*** Opening Data under study ***

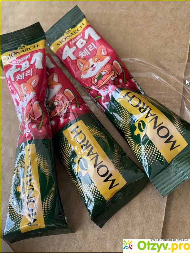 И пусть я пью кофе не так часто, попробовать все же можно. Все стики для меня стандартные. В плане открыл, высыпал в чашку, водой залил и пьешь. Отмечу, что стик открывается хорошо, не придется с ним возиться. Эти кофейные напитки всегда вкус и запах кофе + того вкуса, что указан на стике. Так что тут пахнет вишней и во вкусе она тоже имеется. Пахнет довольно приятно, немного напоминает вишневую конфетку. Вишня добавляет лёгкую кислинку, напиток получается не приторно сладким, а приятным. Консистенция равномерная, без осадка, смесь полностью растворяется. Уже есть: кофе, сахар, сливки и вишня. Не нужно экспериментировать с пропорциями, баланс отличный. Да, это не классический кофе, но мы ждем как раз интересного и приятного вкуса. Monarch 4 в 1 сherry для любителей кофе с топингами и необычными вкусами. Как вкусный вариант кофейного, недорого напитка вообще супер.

*** Closing Data under study ***
*** Opening Data under study ***

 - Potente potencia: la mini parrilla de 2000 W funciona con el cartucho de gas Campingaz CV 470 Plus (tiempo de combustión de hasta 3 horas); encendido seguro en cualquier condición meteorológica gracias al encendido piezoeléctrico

*** Closing Data under study ***
*** Opening Data under study ***

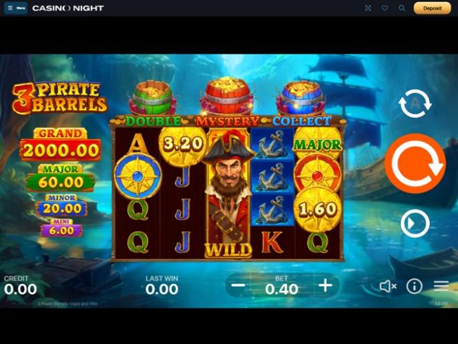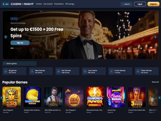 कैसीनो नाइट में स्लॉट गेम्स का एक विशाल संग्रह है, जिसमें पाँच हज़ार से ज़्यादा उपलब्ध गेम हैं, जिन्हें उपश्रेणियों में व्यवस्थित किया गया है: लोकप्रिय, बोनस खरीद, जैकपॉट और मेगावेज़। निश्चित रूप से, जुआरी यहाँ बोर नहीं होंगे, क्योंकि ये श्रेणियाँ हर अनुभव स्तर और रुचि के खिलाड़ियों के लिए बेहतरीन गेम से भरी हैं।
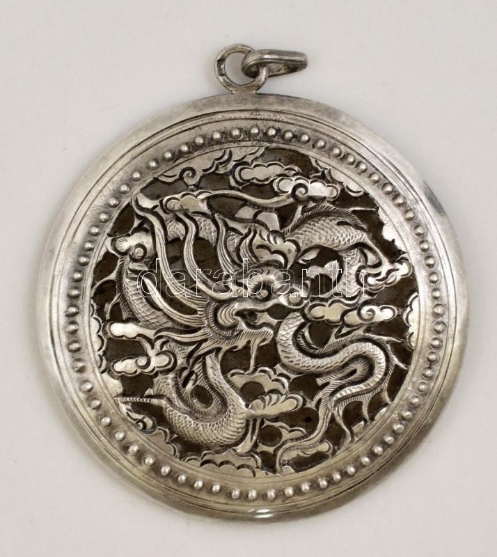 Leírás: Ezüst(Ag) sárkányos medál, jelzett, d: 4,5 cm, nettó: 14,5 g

*** Closing Data under study ***

Work request —
In the records above, find the line containing "कैसीनो नाइट में" and the line containing "Leírás: Ezüst(Ag) sárkányos", then give both of them again word for word along with every line between. Omit any pictures.

Exercise answer —
 कैसीनो नाइट में स्लॉट गेम्स का एक विशाल संग्रह है, जिसमें पाँच हज़ार से ज़्यादा उपलब्ध गेम हैं, जिन्हें उपश्रेणियों में व्यवस्थित किया गया है: लोकप्रिय, बोनस खरीद, जैकपॉट और मेगावेज़। निश्चित रूप से, जुआरी यहाँ बोर नहीं होंगे, क्योंकि ये श्रेणियाँ हर अनुभव स्तर और रुचि के खिलाड़ियों के लिए बेहतरीन गेम से भरी हैं।
 Leírás: Ezüst(Ag) sárkányos medál, jelzett, d: 4,5 cm, nettó: 14,5 g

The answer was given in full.